Safe identifiers User ID (UUID), request ID, tenant ID Yes
Safe metrics Status codes, latencies, error types Yes
Pseudonymous Hashed IP, hashed email Yes (with caveats)
Regulated PII Raw email, name, phone, SSN, DOB No
Credentials Passwords, tokens, API keys, cookies Never
Payment data Card numbers, CVV, bank account Never
Health data Diagnoses, prescriptions (HIPAA) Never

This taxonomy belongs in your engineering handbook and should be referenced in code review.

Redaction at the Logger Level

Do not rely on engineers to manually avoid sensitive fields in every log call. Implement redaction in the logging pipeline so sensitive fields are stripped before reaching any output.

import structlog, re
from typing import Any
 
REDACT_KEYS = frozenset({
    "password", "token", "secret", "api_key", "authorization",
    "cookie", "credit_card", "ssn", "cvv", "access_token",
    "refresh_token", "private_key",
})
 
REDACT_PATTERNS = [
    re.compile(r'\b[A-Za-z0-9._%+-]+@[A-Za-z0-9.-]+\.[A-Z|a-z]{2,}\b'),  # email
    re.compile(r'\b\d{4}[- ]?\d{4}[- ]?\d{4}[- ]?\d{4}\b'),               # card
]
 
def redact_processor(logger, method, event_dict: dict) -> dict:
    """structlog processor — redact sensitive keys and patterns."""
    for key in list(event_dict.keys()):
        if key.lower() in REDACT_KEYS:
            event_dict[key] = "[REDACTED]"
 
    # Also scan string values for pattern matches
    for key, value in event_dict.items():
        if isinstance(value, str):
            for pattern in REDACT_PATTERNS:
                value = pattern.sub("[REDACTED]", value)
            event_dict[key] = value
 
    return event_dict
 
structlog.configure(
    processors=[
        structlog.processors.TimeStamper(fmt="iso"),
        structlog.stdlib.add_log_level,
        redact_processor,                          # applied to every log event
        structlog.processors.JSONRenderer(),
    ]
)

Request/Response Logging: What to Include

Logging every request and response is useful for debugging. Logging the full body is almost always wrong.

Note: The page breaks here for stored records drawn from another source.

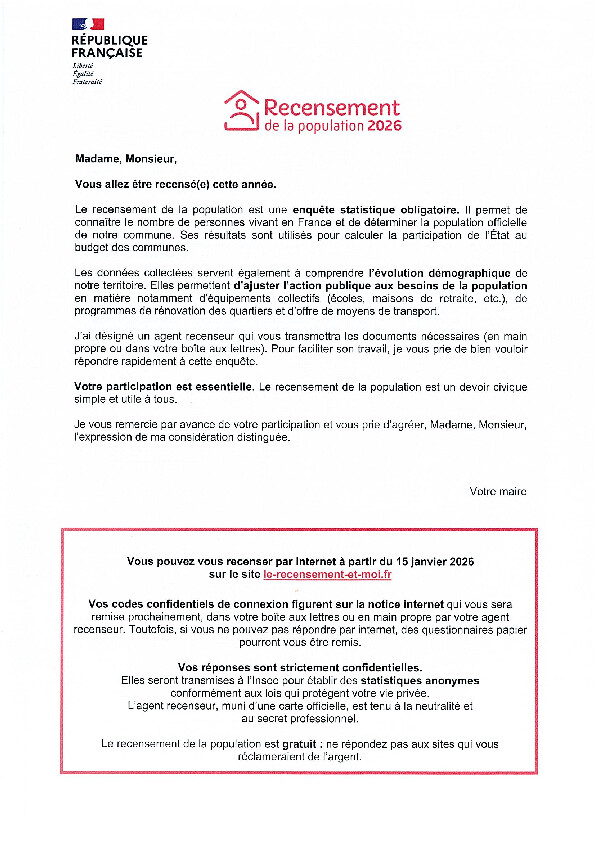 Le recensement de la population est une démarche obligatoire, réalisée régulièrement sous la responsabilité de INSEE, en lien avec la mairie. Il commence cette semaine et se termine le 15 février 2026.
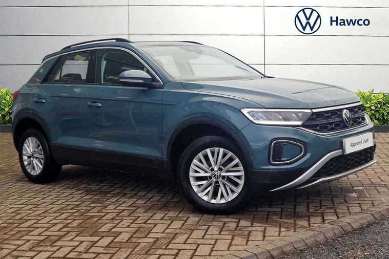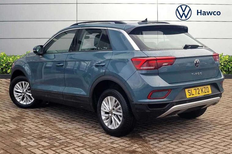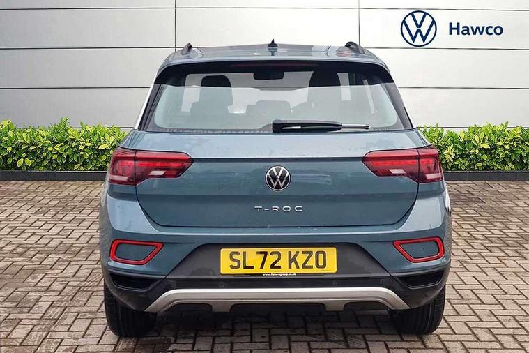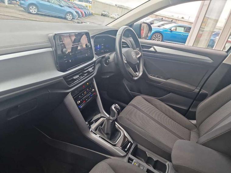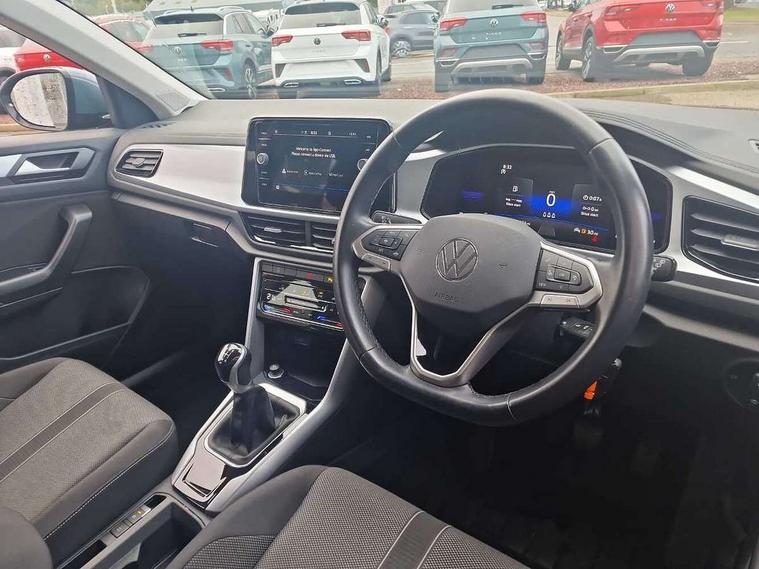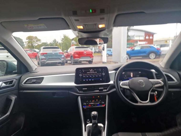 Bluetooth mobile phone interface, Driver alert system with fatigue detection, Driver tips and journey analysis, Emergency call service, Lane keeping system Lane Assist, Modified key software - reduce switch off time for key status change to Long no motion, Online services, Park assist including front and rear parking sensors, Power assisted speed sensitive steering, Service interval indicator, Tailgate/trunk lid release from outside, Think blue trainer driver tips and journey analysis, Warning sound and light for front seatbelts unfastened, Wireless app connect, Battery regeneration during braking, Front shock absorption, Rear shock absorption chassis with increased ride height, Start/stop function with battery regeneration, DAB Digital radio, Diversity antenna for FM reception, Front and rear 6 speakers, Music playback - MP3, WMA and AAC files, Premium USB cable in choice of either Apple or Android smartphone compatibility, SD card slot, Simultaneous pairing of 2 compatible mobile devices, Title and cover art display, We Connect and We Connect Plus functionality, 3rd brake light, Auto dimming interior rear view mirror, Automatic hazard lights activation under emergency braking, Automatic headlight control with LED separate daytime running lights with coming/leaving home function, Black roof rails, Body coloured bumpers and radiator grille with chrome trim and front fog lamps with chrome bezel, Body coloured exterior mirror housings and door handles, Extended roof spoiler, Exterior mirrors aspherical on driver side, convex on front passenger side, External USB type C socket and charging sockets, Front windscreen wiper with intermittent wipe and 4 position delay, Heated rear window, LED Headlights, LED rear combination lamps, LED rear number plate lights, LED tail lamp rear comination lamps, Power windows with comfort operation and circuit breaker, Rain sensor, Rear exhaust tailpipe, Rear fog light on one side and reversing lights on both sides, Rear side wing doors, Rear wash/wipe with intermittent wipe setting, Remote electrically foldable door mirrors, puddle lights and reverse activated passenger's door mirror, 12V power socket in centre console, 3 rear head restraints, 3 seat bench in 2nd row, 4 load lashing points in luggage compartment, Air care climatronic air conditoning system with active combination filter and 2-zone temperature control, Ambient lighting with mirror logo projection, Cloth upholstery, Door and side trim panel in cloth, Drawer under drivers seat, Driver/front passenger seat height adjustment, Front centre armrest, Front comfort sports seats, Front cupholders x 2, Front reading light, Instrument lighting, white adjustable panel illumination, Interior light delay, Isofix child seat preparation, Leather gearshift handle, Load-through provision with cup holder when folded down ('Unsplit rear seat bench, split folding backrest, with centre armrest), Luggage compartment lighting, Lumbar support for driver's and front passengers seat, Non-folding front passenger seat backrest, Single front passenger seat, Storage compartment in left and right luggage area, Storage compartment in rear doors, Storage compartments in driver and front passenger doors, Sunvisors with illuminated vanity mirrors, Variable boot floor, height adjustable and removable, Driver assistance pack without proactive passenger protection - T-Roc, 3 point height adj front seatbelts + pretensioners, 3 point seatbelts in outer rear with ECE label, ABS, Child locks on rear doors, Driver and front passenger airbag with front passenger airbag deactivation, Driver and front passenger safety-optimised head restraints, Drivers seatbelt reminder, Electronic parking brake, Electronic Stability Control (ESC) inc EDL (Electronic Differential Lock) and ASR (Traction Control), Front and rear passengers curtain airbag system including front side airbags, Front assist with city emergency braking and pedestrian monitoring, Front disc brakes, Front seat side impact airbags, Hill start assist, Predictive pedestrian protection, Rear disc brakes, Single tone horn, Tyre pressure loss indicator, Volkswagen roadside assistance, Alarm with interior protection, Anti-theft alarm system with interior monitoring, backup horn, and towing protection, Remote central locking with SAFELOCK, radio remote control with 2 remote control folding keys, Pewter matt decorative inserts for intrument panel, centre console and door panels at the front, Trims for alloy wheels,
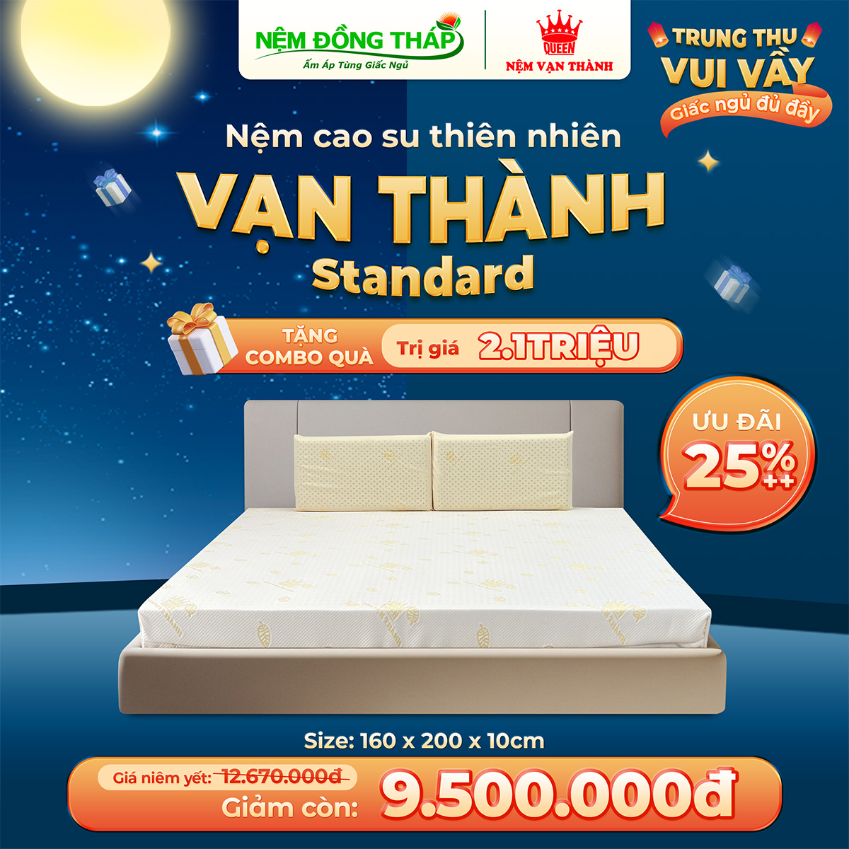 Nệm cao su thiên nhiên Vạn Thành Standard – Ưu đãi 25% + Tặng combo quà trị giá 2.100.000đ
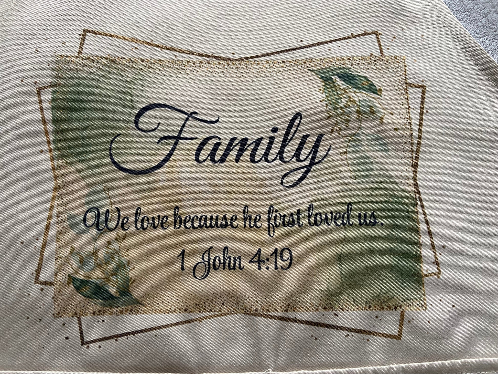 Adult Apron - Family, We Love because He First Loved Us 1 John 4:19

flowchart LR subgraph Request["Inbound Request — safe to log"] RM["Method"] RP["Path (strip query params with credentials)"] RID["X-Request-ID"] UA["User-Agent"] SC["Status Code (response)"] LAT["Latency (ms)"] UID["Authenticated User ID"] end subgraph Danger["Do NOT log"] QS["Query string containing tokens"] AH["Authorization header value"] RB["Request body (may contain PII)"] RSP["Response body (may contain PII)"] CK["Cookie values"] PW["Any credential field"] end

Middleware that logs requests safely:

from fastapi import Request, Response
from starlette.middleware.base import BaseHTTPMiddleware
import structlog, time, re
 
log = structlog.get_logger()
 
# Strip known sensitive query params before logging
SENSITIVE_PARAMS = {"token", "key", "secret", "password", "access_token"}
 
def sanitize_url(url: str) -> str:
    from urllib.parse import urlparse, urlencode, parse_qs, urlunparse
    parsed = urlparse(url)
    params = parse_qs(parsed.query)
    safe_params = {
        k: (["[REDACTED]"] if k.lower() in SENSITIVE_PARAMS else v)
        for k, v in params.items()
    }
    return urlunparse(parsed._replace(query=urlencode(safe_params, doseq=True)))
 
class RequestLoggingMiddleware(BaseHTTPMiddleware):
    async def dispatch(self, request: Request, call_next) -> Response:
        start = time.perf_counter()
        response = await call_next(request)
        duration_ms = (time.perf_counter() - start) * 1000
 
        log.info(
            "http.request",
            method=request.method,
            path=sanitize_url(str(request.url)),
            status=response.status_code,
            duration_ms=round(duration_ms, 2),
            request_id=request.headers.get("x-request-id"),
            user_id=getattr(request.state, "user_id", None),
        )
        return response

Exception Logging: Safe Stack Traces

Stack traces are invaluable for debugging and frequently contain sensitive data: ORM exceptions that include query parameters, third-party SDK exceptions that echo API responses, framework errors that print the full request context.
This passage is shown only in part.